Enhanced methane production from cellulose using a two-stage process involving a bioelectrochemical system and a fixed film reactor

BACKGROUND: It is desirable to improve the anaerobic digestion processes of recalcitrant materials, such as cellulose. Enhancement of methane (CH(4)) production from organic molecules was previously accomplished through coupling a bioelectrochemical system (BES); however, scaling-up BES-based production is difficult. Here, we developed a two-stage process consisting of a BES using low-cost and low-reactive carbon sheets as the cathode and anode, and a fixed film reactor (FFR) containing conductive material, i.e., carbon fiber textiles (CFTs) (:BES → FFR). By controlling the cathodic current at 2.7 μA/cm(2) without abiotic H(2) production, the three-electrode BES system was operated to mimic a microbial electrolysis cell. RESULTS: The thermophilic BES (inlet pH: 6.1) and FFR (inlet pH: 7.5) were operated using hydraulic retention times (HRTs) of 2.5 and 4.2 days, respectively, corresponding to a cellulose load of 3555.6 mg-carbon (C)/(L day).

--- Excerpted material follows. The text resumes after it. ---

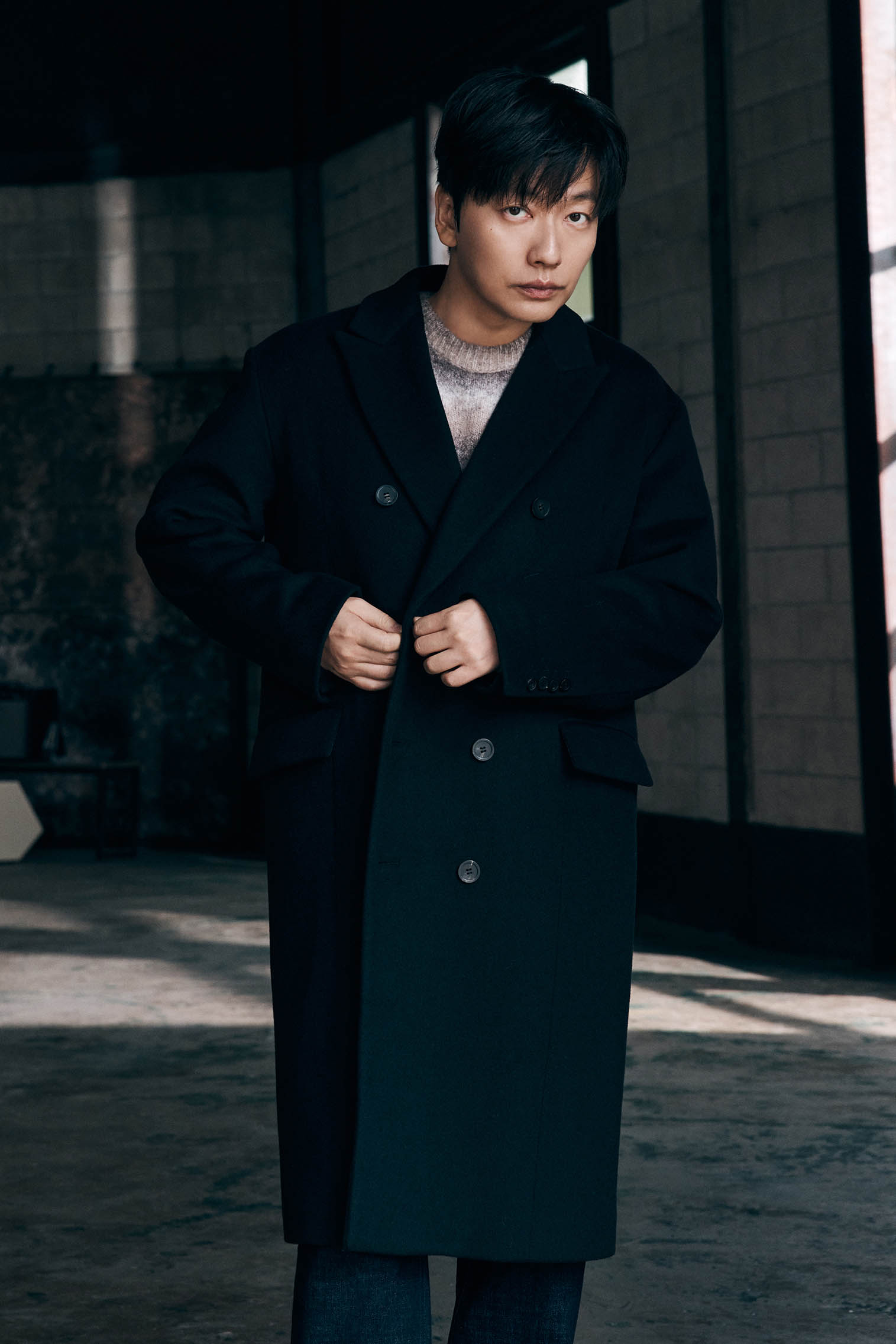 -S사이즈 코트는 어깨 마꾸라지 작업으로 자연스러운 드롭숄더 실루엣을 연출

The BES → FFR process achieved a higher CH(4) yield (37.5%) with 52.8 vol% CH(4) in the product gas compared to the non-bioelectrochemical system (NBES) → FFR process, which showed a CH(4) yield of 22.1% with 46.8 vol% CH(4). The CH(4) production rate (67.5 mM/day) obtained with the BER → FFR process was much higher than that obtained using electrochemical methanogenesis (0.27 mM/day). Application of the electrochemical system or CFTs improved the yields of CH(4) with the NBES → FFR or BES → non-fixed film reactor process, respectively. Meta 16S rRNA sequencing revealed that putative cellulolytic bacteria (identified as Clostridium species) were present in the BES and NBES, and followed (BES→ and NBES→) FFR. Notably, H(2)-consuming methanogens, Methanobacterium sp. and Methanosarcina sp., showed increased relative abundances in the suspended fraction and attached fraction of (BES→) FFR, respectively, compared to that of (NBES→) FFR, although these methanogens were observed at trace levels in the BES and NBES. CONCLUSIONS: These results indicate that bioelectrochemical preprocessing at a low current effectively induces interspecies H(2) transfer in the FFR with conductive material. Sufficient electrochemical preprocessing was observed using a relatively short HRT. This type of two-stage process, BES → FFR, is useful for stabilization and improvement of the biogas (CH(4)) production from cellulosic material, and our results imply that the two-stage system developed here may be useful with other recalcitrant materials.